Entries taken from a collection
╔══
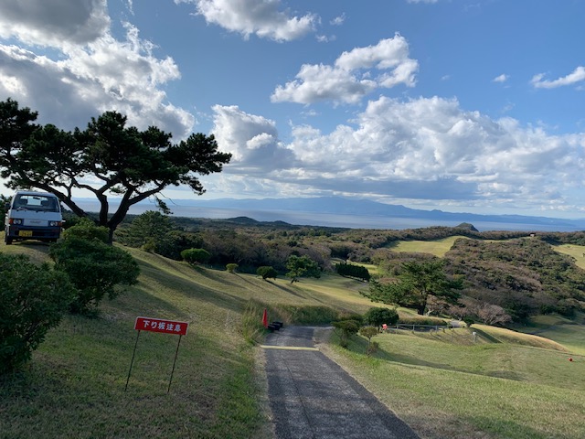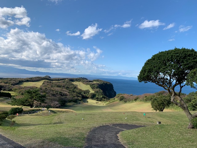 今日は、我らがタケ小山プロと東京都のH.Tさん、そして民宿朝海館のS.Kさんとのゴルフです。現在、大島ゴルフは地元の方が入られないとプレーが不可の為、S.Kさんに同行頂きました。
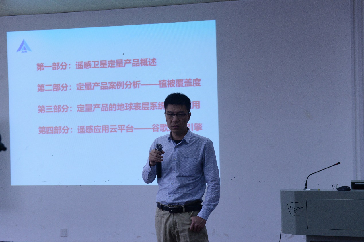 占玉林博士首先简要介绍了遥感定量产品的定义、产品体系,并结合实例从文献调研、实验分析、算法改进、模块开发等多个方面详细介绍了遥感定量产品反演的技术流程;然后介绍了遥感定量产品在地球表层系统科学领域的应用案例;最后给大家介绍了遥感定量产品研究与生产云平台—谷歌地球引擎。报告深入浅出,用日常生活中的例子将原本专业化的遥感卫星定量化产品技术讲解得通俗易懂、生动有趣。报告在师生们热烈的掌声中结束。
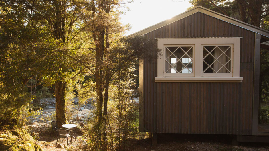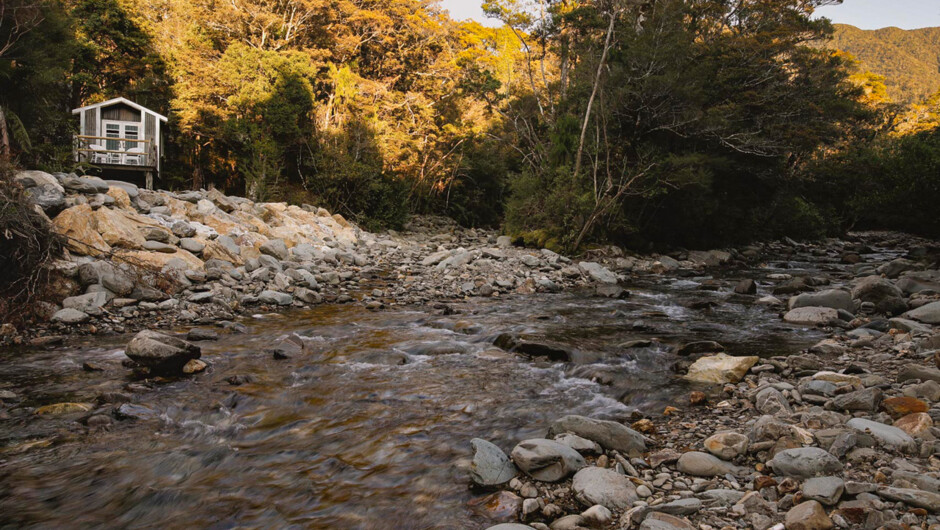 Quartz Clearing is 2.5 hours drive from Nelson and 30 minutes from Collingwood in the stunning Golden Bay region of the South Island. Set in a secluded spot next to a rocky-bottomed stream, the campsite is made up of three unique little buildings.
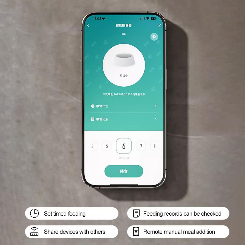 غذاخوری اتوماتیک با قابلیت wi-fi به شما این امکان را میدهد تا زمان و مقدار غذای حیوان خانگی خود را از راه دور تغییر دهید. برای دسترسی به به برنامه تلفن خود فقط باید به wi-fi خود متصل باشید.
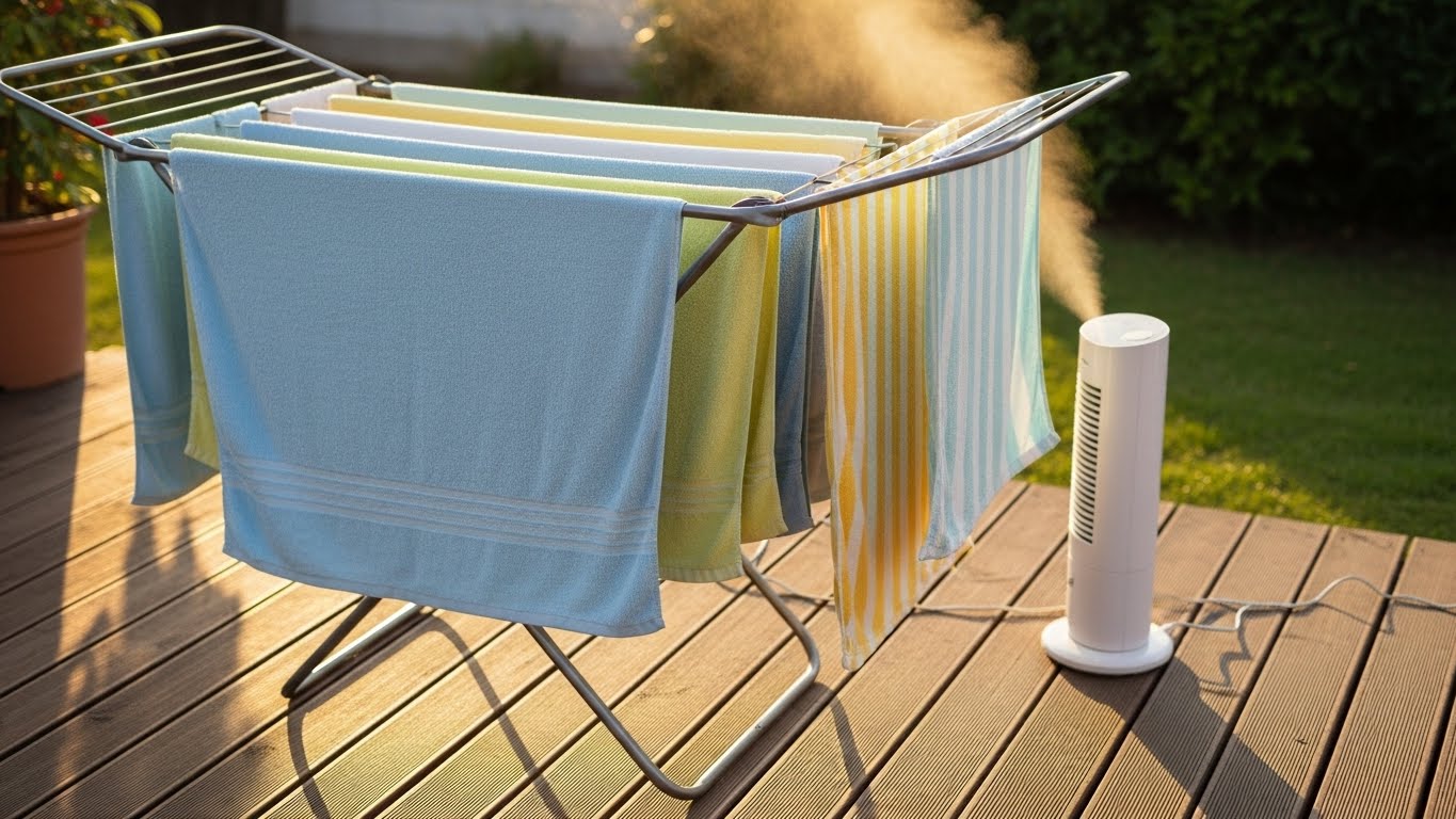 - 간격 유지: 건조대에 널 때 수건과 수건 사이를 넓게 띄우거나, 한 칸씩 건너뛰어 널어야 합니다. 선풍기나 제습기를 틀어 건조 시간을 단축하는 것이 핵심입니다. (건조기가 있다면 최고!)
╚══
WORK TASK >> Nothing but the lines from the start of the records through the line holding "占玉林博士首先简要介绍了遥感" should be printed, exactly as written and with the pictures left out.

OUTPUT FOR THIS EXERCISE >>
 今日は、我らがタケ小山プロと東京都のH.Tさん、そして民宿朝海館のS.Kさんとのゴルフです。現在、大島ゴルフは地元の方が入られないとプレーが不可の為、S.Kさんに同行頂きました。
 占玉林博士首先简要介绍了遥感定量产品的定义、产品体系,并结合实例从文献调研、实验分析、算法改进、模块开发等多个方面详细介绍了遥感定量产品反演的技术流程;然后介绍了遥感定量产品在地球表层系统科学领域的应用案例;最后给大家介绍了遥感定量产品研究与生产云平台—谷歌地球引擎。报告深入浅出,用日常生活中的例子将原本专业化的遥感卫星定量化产品技术讲解得通俗易懂、生动有趣。报告在师生们热烈的掌声中结束。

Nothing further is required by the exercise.